## WHAT YOU ARE ASKED TO DO
Print only the lines below from the one with "If you offer" to the one with "в адміністрації порту.", both included, exactly as they stand. Leave pictures out.

## ENTRIES SHOWN
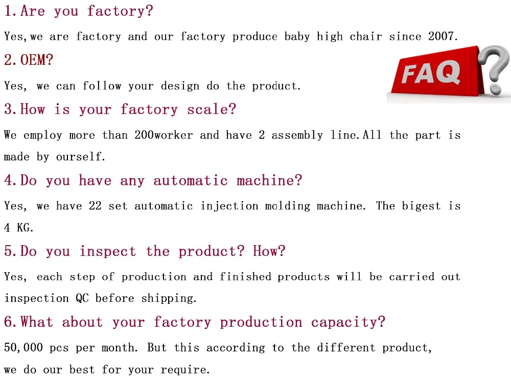 1.Profession: NingBo BeiBeiLe have been offering baby high chair and baby bath set for many years. We aim to be your one-stop supplier for baby chair.Our factory is in NO.62.Industry Road ,Industry District ZhangQi,Cixi City,Zhengjiang Province,315313 China
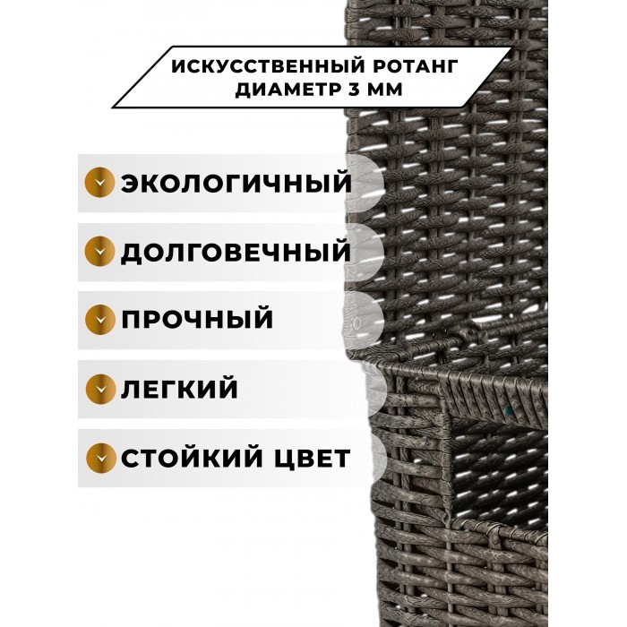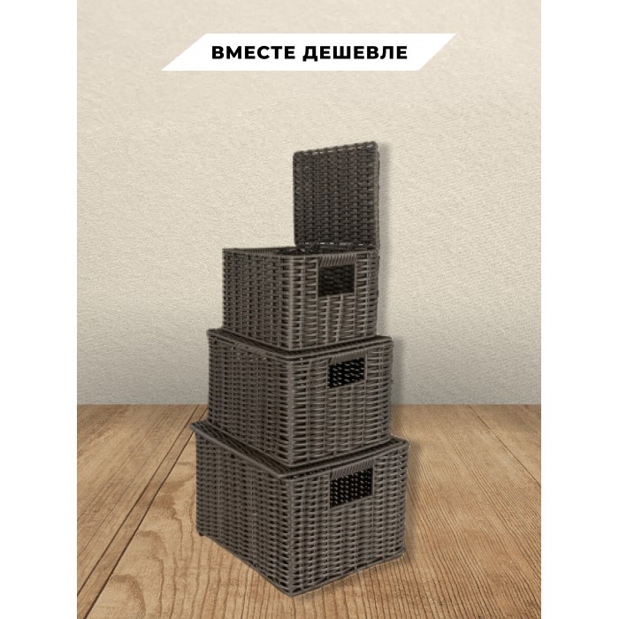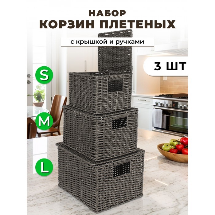 Корзина плетеная с/крыш КОМПЛЕКТ 3шт (S, M, L) + иск/ротанг, серый 265224
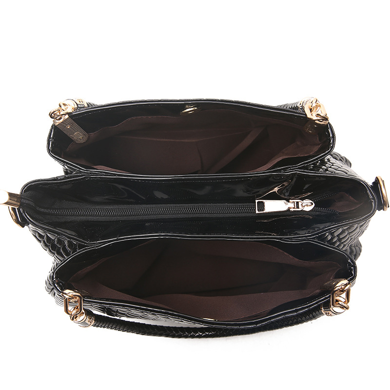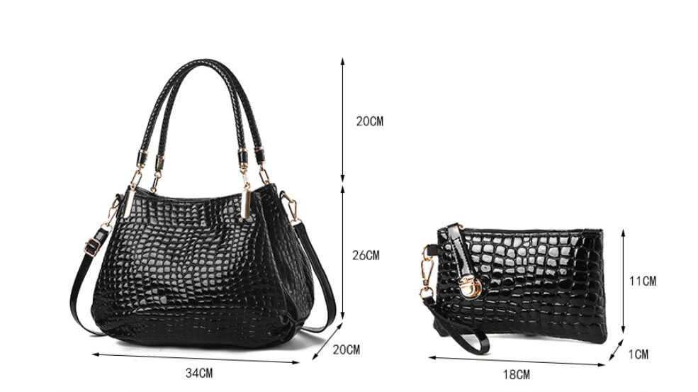 Material: PUSize: Large bag: 34 * 20 * 26cmSmall bag: 18 * 1 * 11cmPopular elements: crocodile patternStyle: shoulder bag
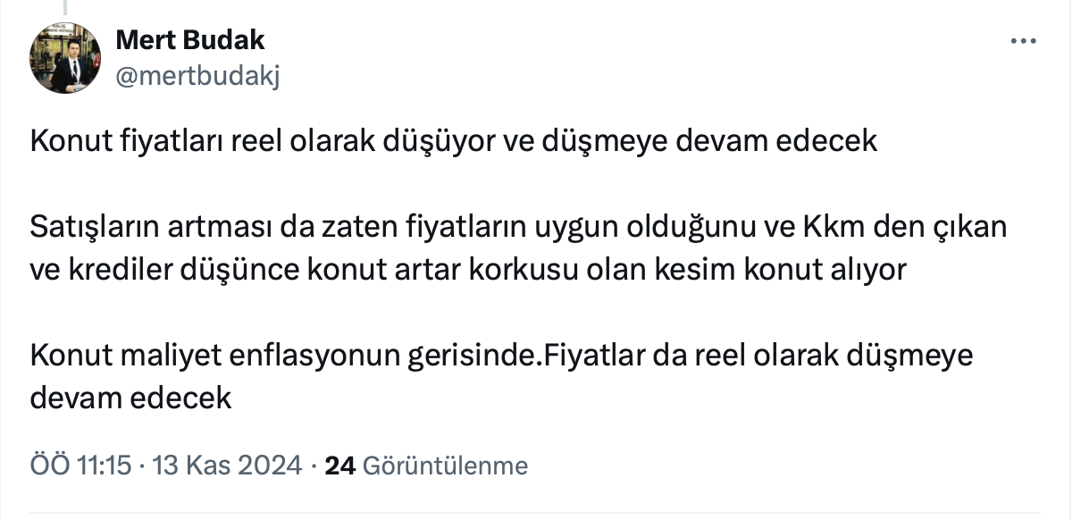 8 aydır düşüş eğiliminde olan konut fiyatları gündemden düşmezken, Girişimci Mert Budak da resmi sosyal medya hesabı üzerinden yaptığı paylaşımda konut fiyatlarının reel olarak düşmeye devam edeceğini belirtti.
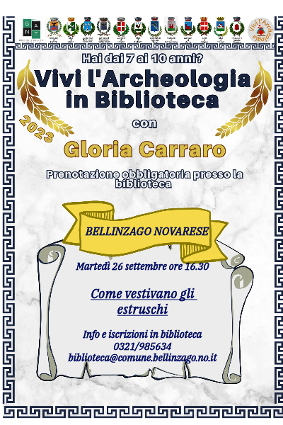 Presso la Biblioteca C. Calcaterra di Bellinzago il laboratorio «Come vestivano gli Etruschi» è previsto per martedì 26 settembre alle ore 16.30.
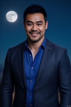 Cinematic film still, 8k resolution, ultrarealistic, (HDR, RAW, DSLR:1), (handsome, sexy blue male demon:1.1), CNMface,CNMaleLiqing,,CNXLliqing,1boy,smile,big moon in the nightsky,galaxy
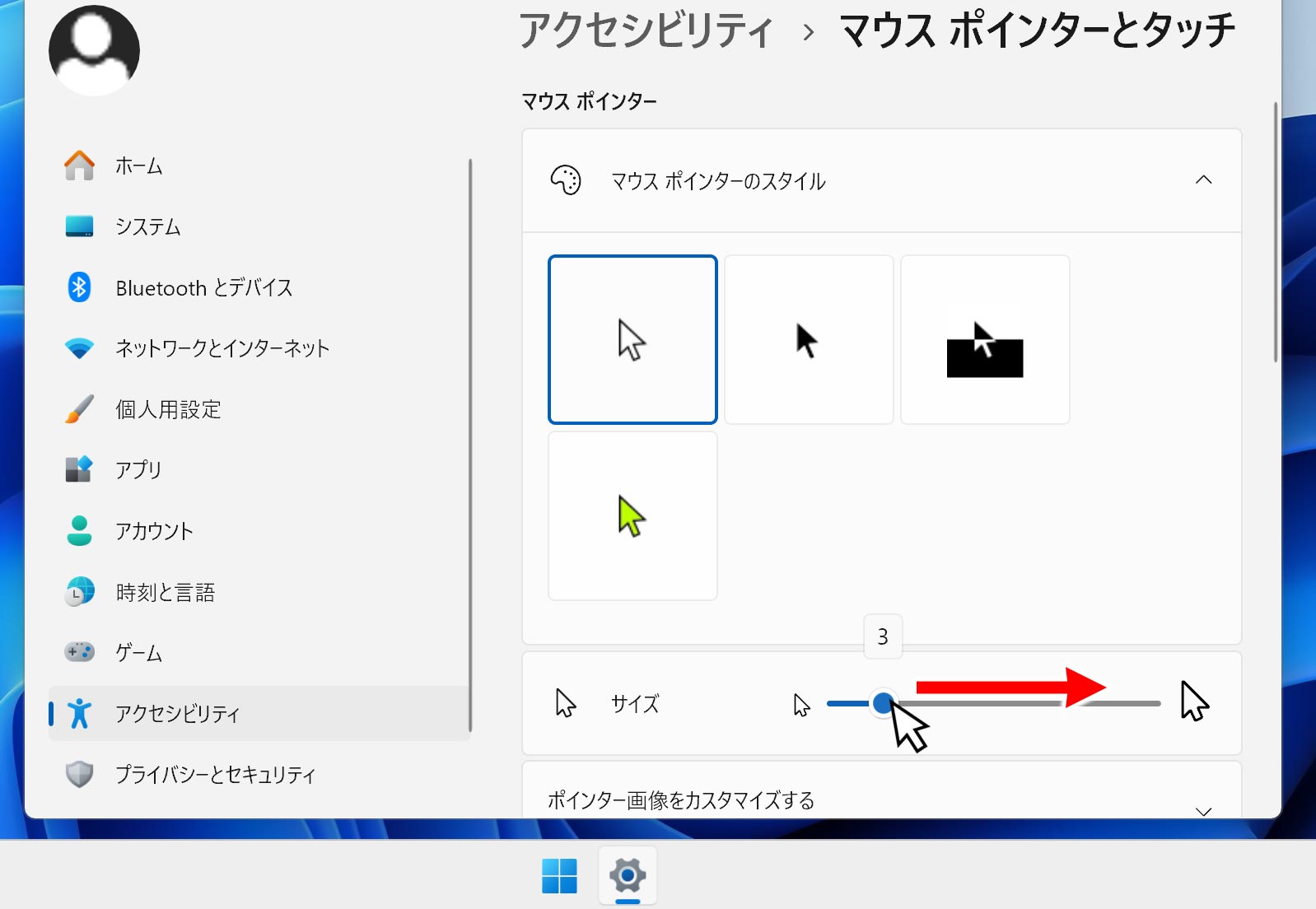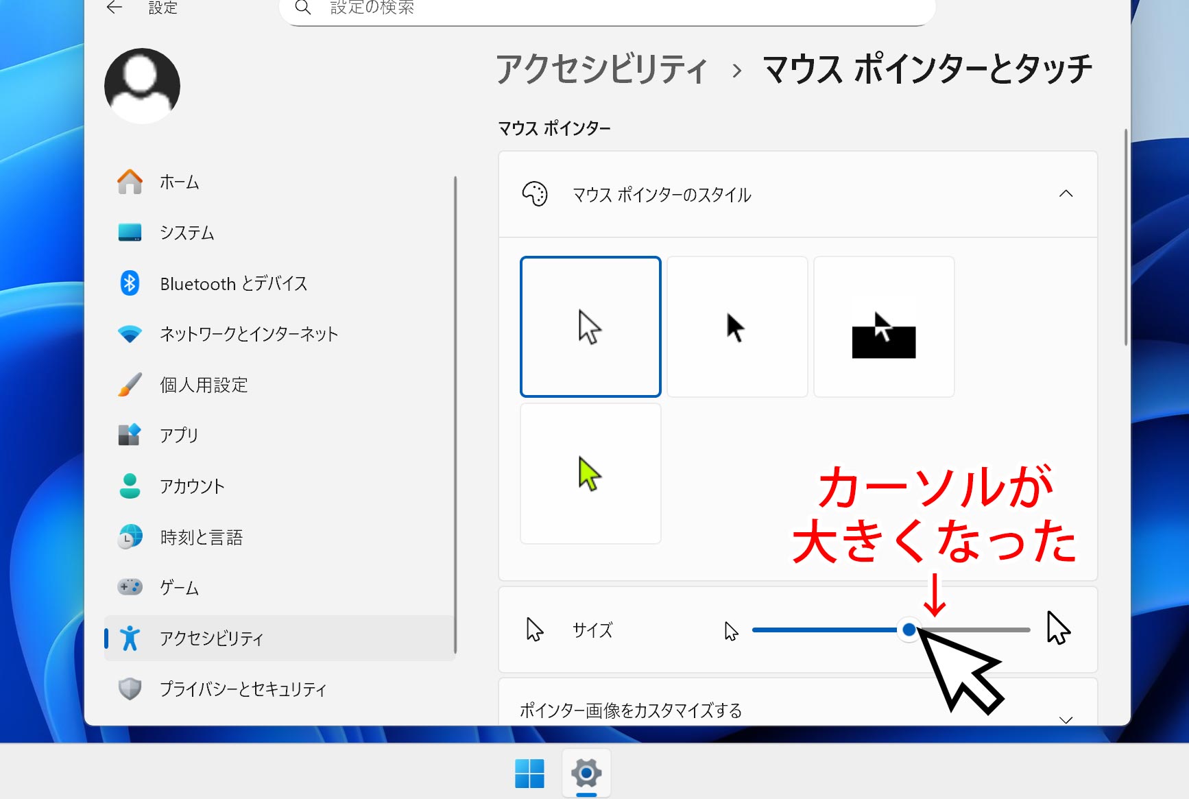 するとマウスカーソルが大きくなりました。つまみを左右に動かすことでお好みのサイズに変更することができます。
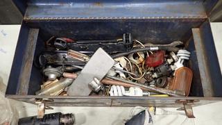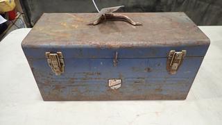 Lot #2543: Beach Metal Tool Box, 18 In. x 9 In. x 10 In., C/w Contents of Various Tools -Heat Gun, Soldering Gun, Glue Gun (C1)
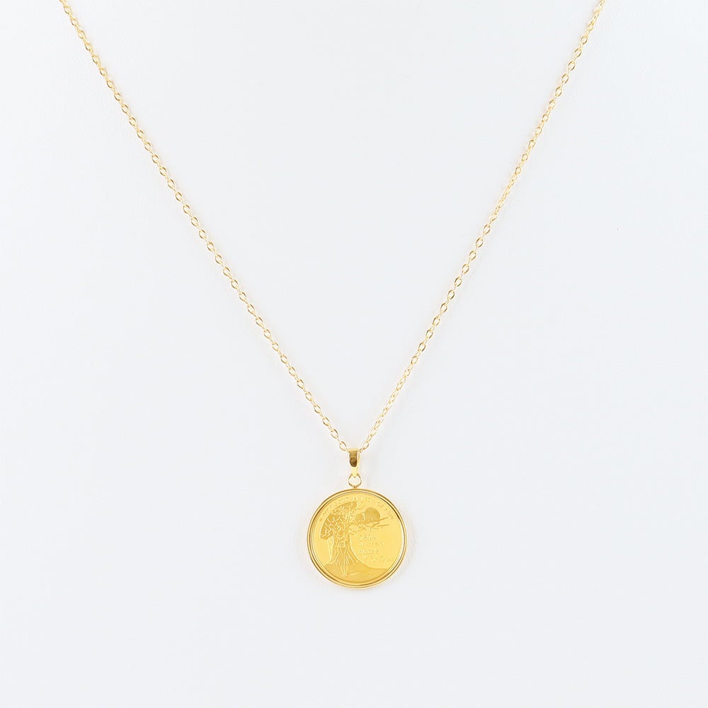 コインには18金(K18)製のフレームを採用し、ペンダントトップとして身に着けることが可能。
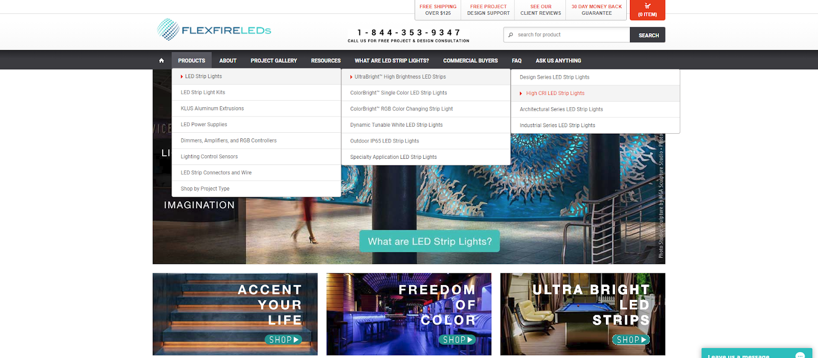If you offer a service instead of a product, do you have separate services with different functions that fall under that parent service? You can see how Flexfire LED guides you to the right product with their structured product menu. Could you imagine if this was just one long list of all products with no categories? It would be chaotic.
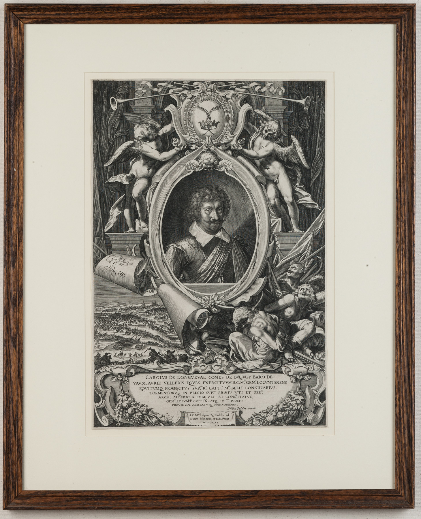 The Sadeler family were the largest, and probably the most successful of the dynasties of Flemish engravers of the 17th century. They were descended from “chasers,” engravers of armour, from Aalst. Sadeler was the imperial artist to the Austrian Hapsburg court in the seventeenth century. He recorded many of the various rulers and noblemen who visited Emperor Rudolf II and engraved their portraits, usually in an emblematic oval surrounded by mythical symbols and intricate images of battle scenes, here a battle during the Thirty Years’ War, that served to heighten the sitter’s importance.
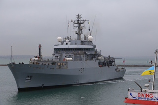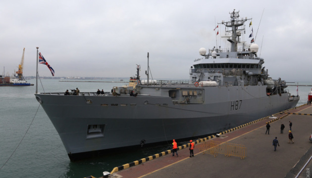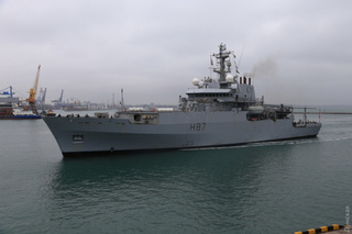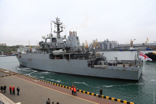 «У понеділок близько 10 год розвідувальний корабель «HMS Echo (H87)» британського Королівського військово-морського флоту пришвартувався біля причалу Одеського порту. У рамках візиту відбудуться спільні навчання британського та українських військових кораблів у відкритому морі. У програмі також екскурсія на борт розвідувального корабля «Echo» одеських курсантів та ліцеїстів і футбольний матч між українськими та британськими моряками, – зазначили в адміністрації порту.
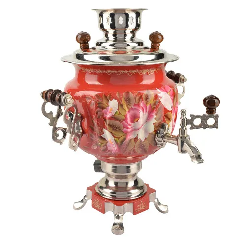 Ручки и хватки изготовлены из натурального дерева – берёзы, устойчивой к перепаду температур. Фурнитура роскошного глубокого каштанового цвета элитного красного дерева. Полностью готов к применению. Художественная роспись выполнена вручную специальными жаропрочными красками. Каждое изделие немного уникально и придает чаепитию особую красочность и даже праздничность. Сделано в Туле.

## EXPECTED OUTPUT
If you offer a service instead of a product, do you have separate services with different functions that fall under that parent service? You can see how Flexfire LED guides you to the right product with their structured product menu. Could you imagine if this was just one long list of all products with no categories? It would be chaotic.
 The Sadeler family were the largest, and probably the most successful of the dynasties of Flemish engravers of the 17th century. They were descended from “chasers,” engravers of armour, from Aalst. Sadeler was the imperial artist to the Austrian Hapsburg court in the seventeenth century. He recorded many of the various rulers and noblemen who visited Emperor Rudolf II and engraved their portraits, usually in an emblematic oval surrounded by mythical symbols and intricate images of battle scenes, here a battle during the Thirty Years’ War, that served to heighten the sitter’s importance.
 «У понеділок близько 10 год розвідувальний корабель «HMS Echo (H87)» британського Королівського військово-морського флоту пришвартувався біля причалу Одеського порту. У рамках візиту відбудуться спільні навчання британського та українських військових кораблів у відкритому морі. У програмі також екскурсія на борт розвідувального корабля «Echo» одеських курсантів та ліцеїстів і футбольний матч між українськими та британськими моряками, – зазначили в адміністрації порту.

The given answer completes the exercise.